Leg-hold Traps: made in Hell, available on Earth
It’s amazing how a day can go from being a heavenly day to hell in one instant. Today was such a day. Pete and I are wending our way back to CA, but going slowly, taking obscure roads through remote areas of the west. We stopped to spend a wonderful night with Pete’s oldest daughter Nancy in Las Vegas, then the next day stopped to visit the Navy Corpsman who’s life Pete saved in Korea, and whose life the Corpsman saved. That was a beautiful visit.
Today we saw a dirt road on public land in Nevada that went up to a remote peak, very beautiful rocks. A perfect place to let the dogs run free, something we do three times a day on these road trips. It was a spot so beautiful we found it reminiscent of the gorgeous “Garden of the Gods” in New Mexico. We found a cattle watering spot (and our dogs are fine around cattle) up near the peak and parked the van, all of us pouring out to enjoy the beauty, stretch our legs, get a drink.

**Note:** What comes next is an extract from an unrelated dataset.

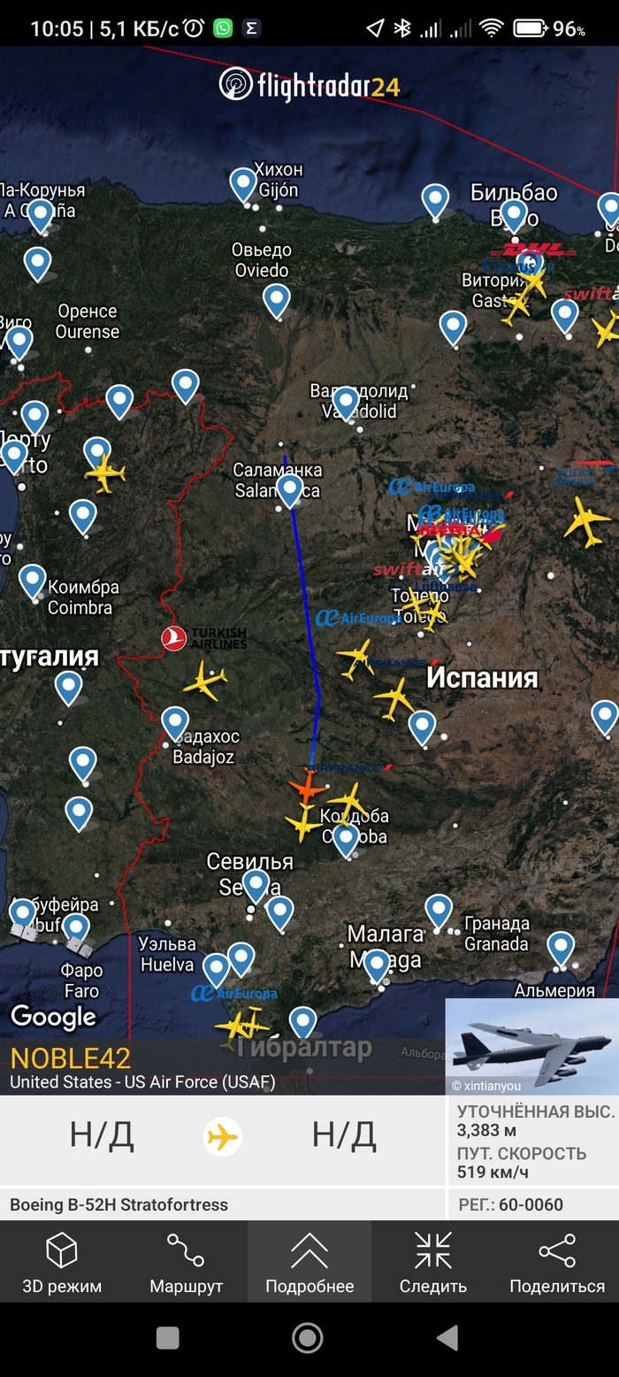 Несколько часов назад стратегический бомбардировщик НАТО Boeing B-52H Stratofortress вылетел из Норвегии, покрутился в Польше, полетел морем и вдруг зачем-то снизился до высоты примерно одного-двух километров (зеленый цвет трека на флайтрадаре это примерно 3000-6000 футов), развернулся на 90 градусов вправо и полетел ровнёхонько вдоль границы Калининградской области и Литвы. Потом набрал высоту до обычных 25 000 футов (7,6 км), развернулся через Литву, Латвию и полетел обратно.

After we got out, the dogs ran about here and there happily for several minutes and we started to explore the peak. All of a sudden I hear Sarah, our youngster Capay Valley dog, literally scream in pain. I feared a skirmish with coyotes but knew we had troop numbers on our side. I rushed to where I heard her; saw her under a mountain juniper, looking frantically at me, writhing in pain. I knew in that instant what I would find — I’ve seen it dozens of time in books and videos. The horror of the steel leg-hold trap, set for “predators” by lazy, stupid men. My heart sank to the bottom of the world as I screamed for Pete to get over to where I was. My beautiful young athletic dog’s paw was held crushed between the jaws of steel, which had been baited with a scented scrap of material, and attached to a long chain wrapped around the tree trunk. Sarah’s young body wracked with pain, she gnashed her teeth and implored me to free her.